# KINGSFORD CHARCOAL ON SALE AT HOME DEPOT



## hawk wild bbq co (May 27, 2011)

I just got back from Home Depot.  Purchased 400 lbs. of Kingsford charcoal , they have it 2-20lbs bags for only 7.97 no limit.  The add says 9.97 but when you get in there it is only 7.97.  Couldnt help myself stocked up.  lol


----------



## JIMMYJAM (May 28, 2011)

Hittin the depot tomarrow sweet


----------



## cookking (May 28, 2011)

I'm going to have to go and check that out here too. Thanks for the heads up!


----------



## Griff (May 28, 2011)

I bought 240 lbs at that price yesterday. It was weird like Hawk said, the ad said $9.97 but the in-store price was $7.97.


----------



## bbquzz (May 28, 2011)

Griff said:
			
		

> I bought 240 lbs at that price yesterday. It was weird like Hawk said, the ad said $9.97 but the in-store price was $7.97.



A good kind of dyslexia


----------



## bigwheel (May 28, 2011)

Anybody get around to trying out the new Hickory flavor yet?


----------



## hawk wild bbq co (May 28, 2011)

I havent tried it no.  I usually use hickory splits or embers from the smoker in my grill


----------



## Tannehill Kid (May 28, 2011)

Made my yearly trip to HD to stock up charcoal and got 400#s also.  I had one double bag left over from last year and they were 21.6# bags.  They have it on sale at this time every year and I stock up.  Notice Sams was $16 plus for two 23# bags.


----------



## Griff (May 29, 2011)

Yep, I always buy a year's supply on Memorial Day weekend.


----------



## bigwheel (May 29, 2011)

Dang Griff bet a person need a dedicated igloo to store all that charcoal. I aint bought a single bag of that nasty stuff in years. Electricity and gas is the only way to fly as concerns the heat source for about all outdoorsy cooking chores. Just my itchy knee sun she yen of course


----------



## Griff (May 29, 2011)

Bigwheel I have a gasser thar I use a lot 'cause it's quick and easy, but I still like to play with fire.  And winter cooks use a lot of charcoal.


----------



## TimBear (May 29, 2011)

I picked up 200 lbs today


----------



## bigwheel (May 30, 2011)

Yep can imagine how much charcoal a dedicated outdoor cook go through in a winter up there. Seen the pics of cooking in ten foot snow banks etc. Johnny Horton always claim when its Springtime in Alaska its 40 below etc. Tell my girl friend Sarah I still love her and will vote for her for Prez early and often


----------



## Crabnbass (May 30, 2011)

[quote="bigwheel] Johnny Horton always claim when its Springtime in Alaska its 40 below etc. [/quote]

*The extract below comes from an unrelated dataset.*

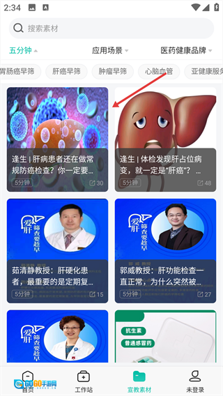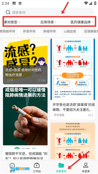 进入【宣教素材】页面后,可利用页面上方的【素材类型】【应用场景】等筛选栏开展筛选操作。

Johnny Horton is classic! Chug-a-lug, Chug-a-lug....


----------



## Big Bears BBQ (May 30, 2011)

That's a good buy we also stocked up.................


----------



## JWJR40 (May 31, 2011)

I guess I have to check out Home Depot.  I just paid $7.97 for one 18lb bag at Walmart.


----------



## Pappy (May 31, 2011)

Salesman at HD said the sale ends at the end of the week.  I bought 200 lps.


----------



## californiagrillin (Jun 1, 2011)

Had a BBQ over the weekend and invited friends and family. They asked what they should bring and along with the beer and food, I told them to bring 2 - 40lb packages of kingsford as well. Needless to say, I'm good for awhile.


----------



## johnm1 (Jun 8, 2011)

Just to be part of the club but better I bought 600 lbs...

(more like 80 but hate to be left out)


----------



## cookking (Jun 8, 2011)

I got 120 lbs myself. I thought about it and said "what the heck?" by the time I was able to get back there, the sale was off. I'm still good for a while.


----------



## muddave (Jun 10, 2011)

Thanks for the info


----------